With so many polls going around it is difficult to get a random sample of voters to participate in any one public opinion survey. Survey participants might not be fully representative for the whole electorate.

Pollsters use different adjustments to tackle these problems. However, this leads to structural differences between the results of different polling companies, so-called ‘house effects’.

For example, over the past Dáil, pollster Red C Research has consistently estimated Labour about 1 percentage point higher than the average pollster.

But how do you average two polls if one is conducted today, another one week ago and yet another one 3 weeks old? Just take the average of the three? Weight the more recent ones more heavily perhaps, but by how much exactly?

The Polling Indicator assumes that public opinion changes every day, but only by so much. If Labour was on 10 per cent last week and turns out to poll 18 per cent today, we might question whether one of these polls (or even both) are outliers, which just by chance contains many more or less Labour voters than there are in the general public.

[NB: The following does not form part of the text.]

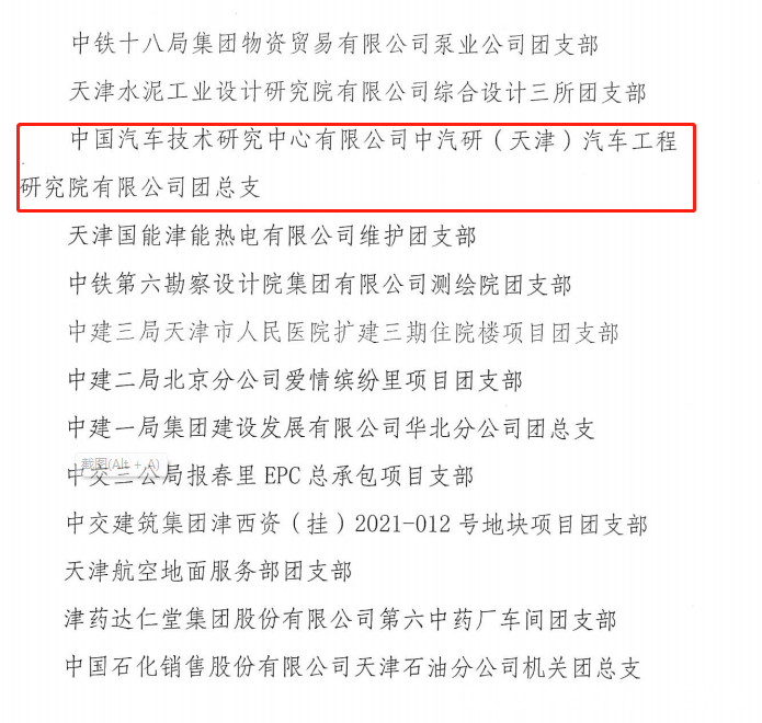 【五四青年節】中汽中心工程院團總支榮獲天津市五四紅旗團支部榮譽稱號!

The Polling Indicator assumes that support for a party can go up or down, but that radical changes are quite rare. But if one party is generally more volatile, it will take this into account.

Model

The Irish Polling Indicator uses a sophisticated statistical model to take all of this into account. In practice it means that more recent polls are weighted most heavily in the polling average. Polls with more respondents also feature more prominently, because their random error is smaller. And polls that are radically different from other recent polls are taken with a grain of salt.

The Irish Polling Indicator contains a rather large category of ‘Others/independents’, which lumps together minor parties and independent candidates. It is somewhat complicated to break this down in the context of the Irish Polling Indicator’s model, as these groups have not been consistently reported in polls over the entire parliamentary term.

As a way around this, support for these groups is analysed on a group-by-group basis. Basically, these analyses take into account all of the things the main model also looks at, but it does not guarantee that the support for these parties adds up exactly to the total for ‘Others/independents’.

In practice this is not too important. The breakdown includes three parties (AAA-PBP, Renua and Social Democrats) and Independent candidates/Independent Alliance, so there will be other even smaller parties that are not included in the breakdown.

Therefore the total of Other/Independents is likely to be higher than the sum of the four groups in the breakdown.

Predictions

Does this mean that the Irish Poling Indicator will perfectly predict the outcome of the general election?

No. First of all, polls represent current voting intentions; these might change over the election campaign.

Second, while random error is reduced by combining a lot of information, we should take uncertainty margins into account. Therefore we report these consistently.

Third, in dealing with pollsters’ “house effects” we assume that the average pollster is right. If all pollsters underestimate a party, so will our polling “average”.

If we apply this method to previous elections, we find that it does well for most parties, especially in the 2011 general election. The final Polling Indicator for 2011 deviates by an average of 0.73 per cent from each party’s election result.

Tom Louwerse is Assistant Professor of Political Science at Leiden University, the Netherlands. He started his work on the Irish Polling Indicator when he held the same position at Trinity College, Dublin, between 2013 and 2015.